• GIVEN ENTRIES:
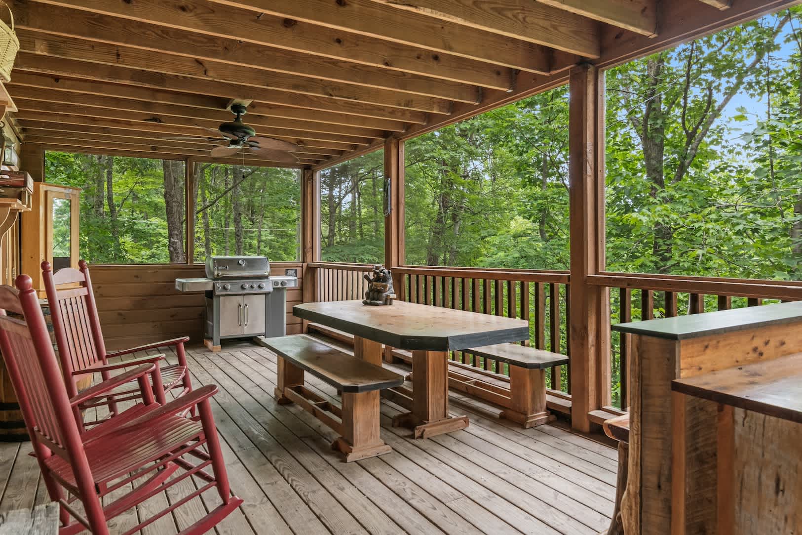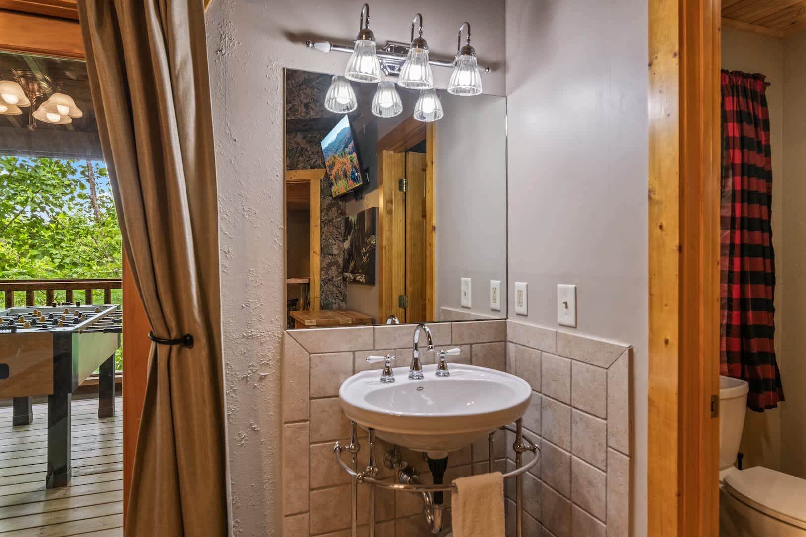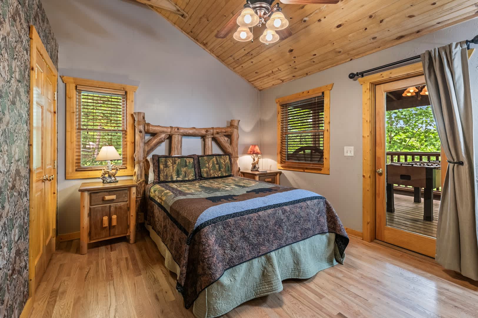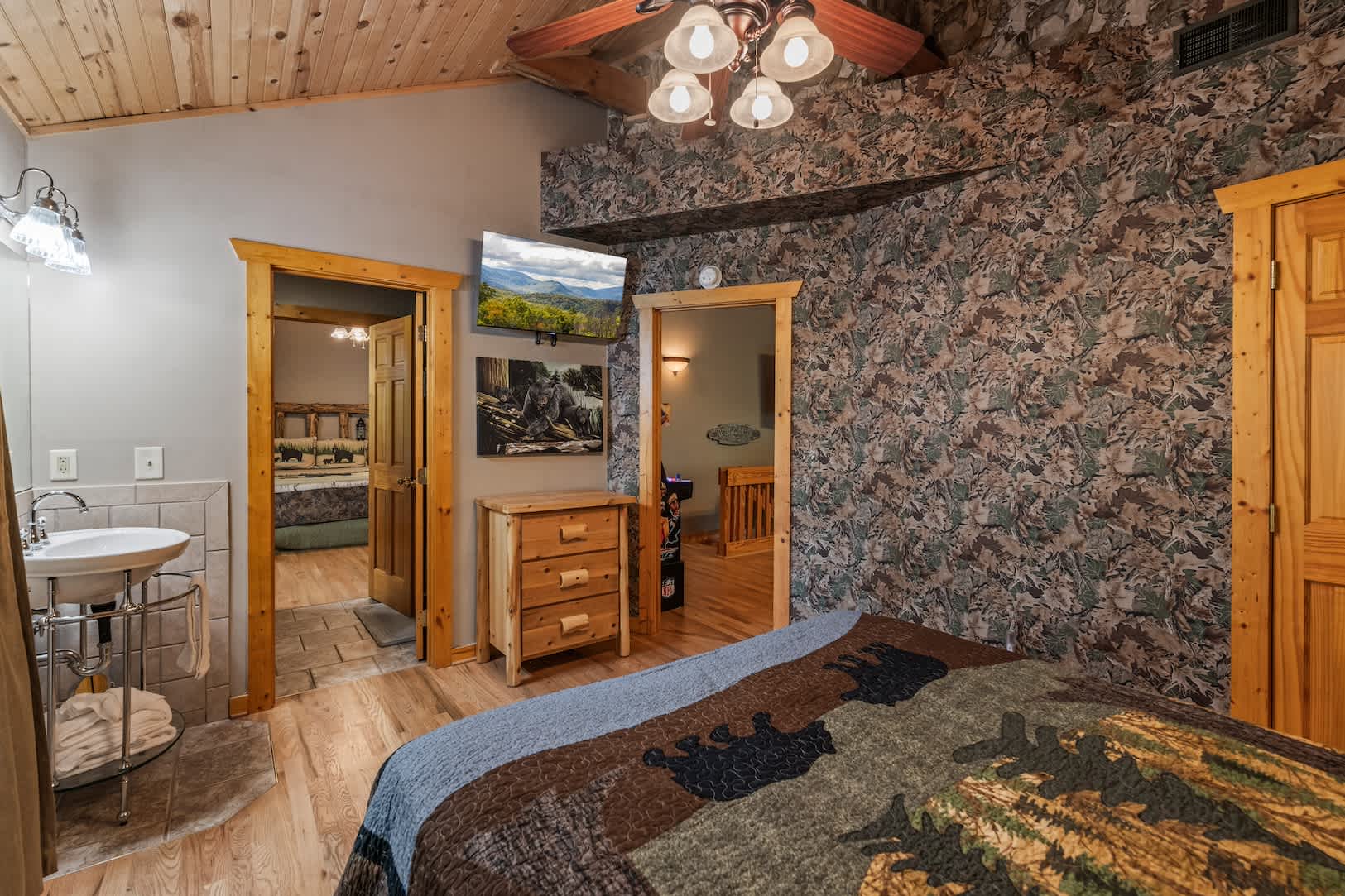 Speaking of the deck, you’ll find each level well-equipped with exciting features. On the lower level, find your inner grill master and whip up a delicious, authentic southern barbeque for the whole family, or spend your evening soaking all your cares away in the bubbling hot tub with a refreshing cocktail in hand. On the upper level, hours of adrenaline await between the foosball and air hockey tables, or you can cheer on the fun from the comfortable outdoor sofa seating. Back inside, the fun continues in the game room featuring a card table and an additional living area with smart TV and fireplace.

---

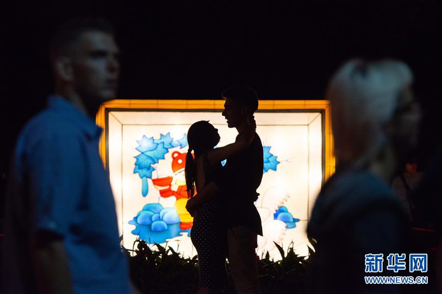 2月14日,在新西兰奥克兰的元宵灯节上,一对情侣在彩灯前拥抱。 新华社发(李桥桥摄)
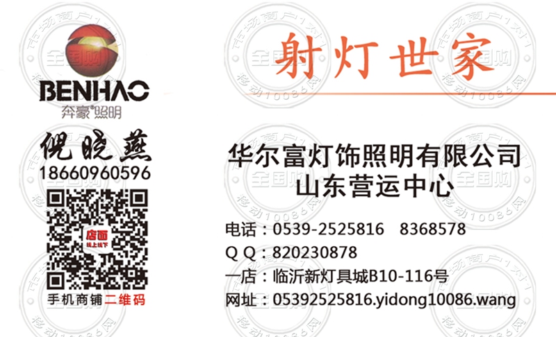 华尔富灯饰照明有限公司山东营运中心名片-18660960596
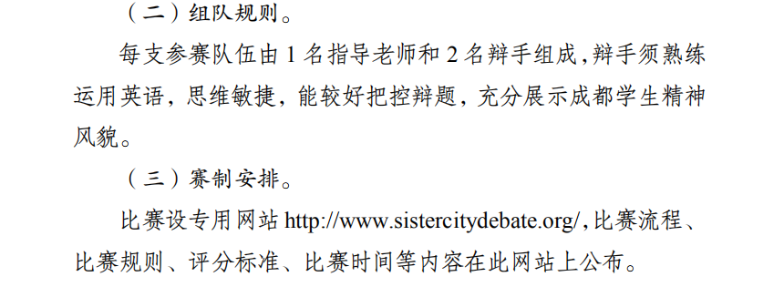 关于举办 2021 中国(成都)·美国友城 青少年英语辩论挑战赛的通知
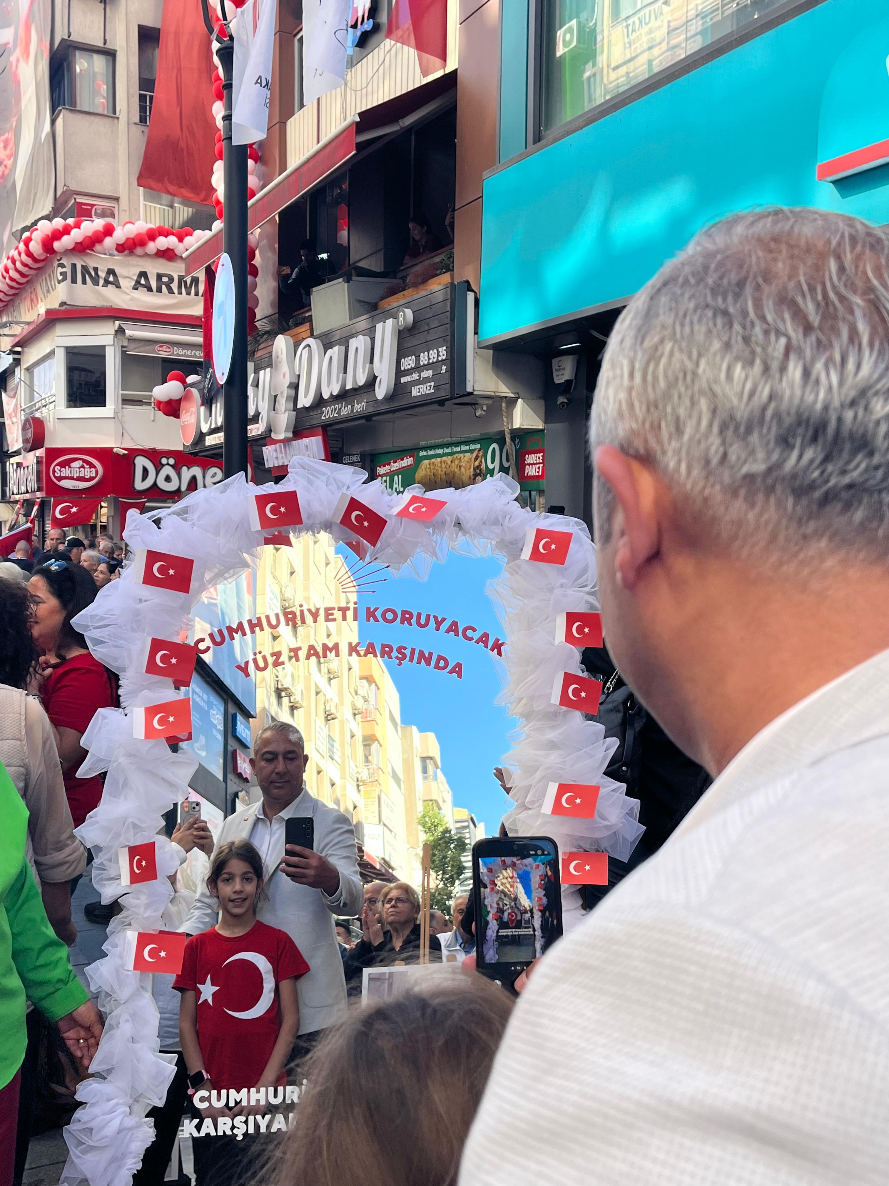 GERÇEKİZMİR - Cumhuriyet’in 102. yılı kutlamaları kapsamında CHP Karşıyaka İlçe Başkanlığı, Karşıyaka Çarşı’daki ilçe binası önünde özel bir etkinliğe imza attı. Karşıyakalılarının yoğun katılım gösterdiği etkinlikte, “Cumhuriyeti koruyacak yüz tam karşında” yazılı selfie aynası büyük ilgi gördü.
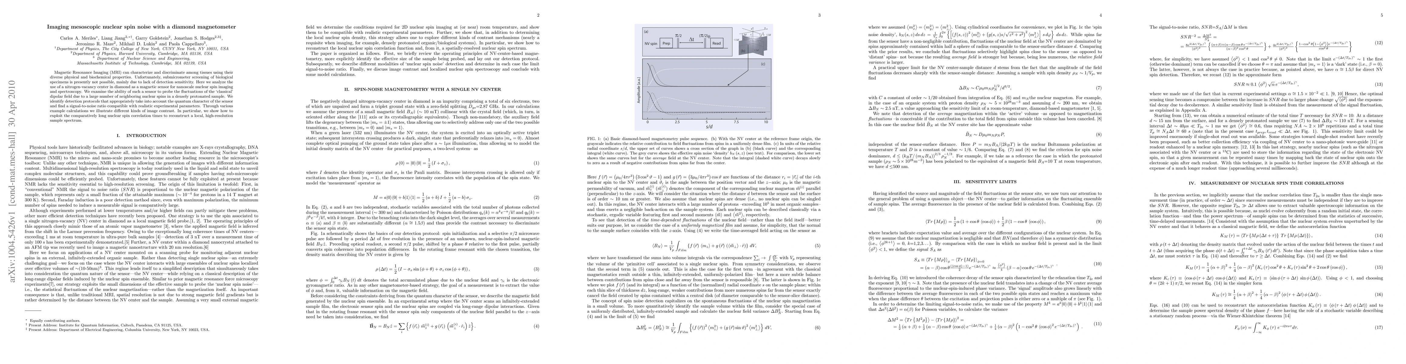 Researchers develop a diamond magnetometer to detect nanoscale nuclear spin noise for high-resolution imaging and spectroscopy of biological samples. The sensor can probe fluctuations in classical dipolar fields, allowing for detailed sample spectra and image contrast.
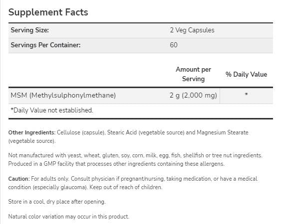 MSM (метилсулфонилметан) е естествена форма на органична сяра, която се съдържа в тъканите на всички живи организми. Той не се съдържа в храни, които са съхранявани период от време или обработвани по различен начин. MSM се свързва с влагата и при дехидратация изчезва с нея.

• WORK INSTRUCTIONS:
Although pictures appear among the records above, none are to be output; print exactly the lines from the line containing "关于举办 2021 中国(成都)·美国友城 青少年英语辩论挑战赛的通知" through the line containing "Researchers develop a".

• YOUR SOLUTION:
 关于举办 2021 中国(成都)·美国友城 青少年英语辩论挑战赛的通知
 GERÇEKİZMİR - Cumhuriyet’in 102. yılı kutlamaları kapsamında CHP Karşıyaka İlçe Başkanlığı, Karşıyaka Çarşı’daki ilçe binası önünde özel bir etkinliğe imza attı. Karşıyakalılarının yoğun katılım gösterdiği etkinlikte, “Cumhuriyeti koruyacak yüz tam karşında” yazılı selfie aynası büyük ilgi gördü.
 Researchers develop a diamond magnetometer to detect nanoscale nuclear spin noise for high-resolution imaging and spectroscopy of biological samples. The sensor can probe fluctuations in classical dipolar fields, allowing for detailed sample spectra and image contrast.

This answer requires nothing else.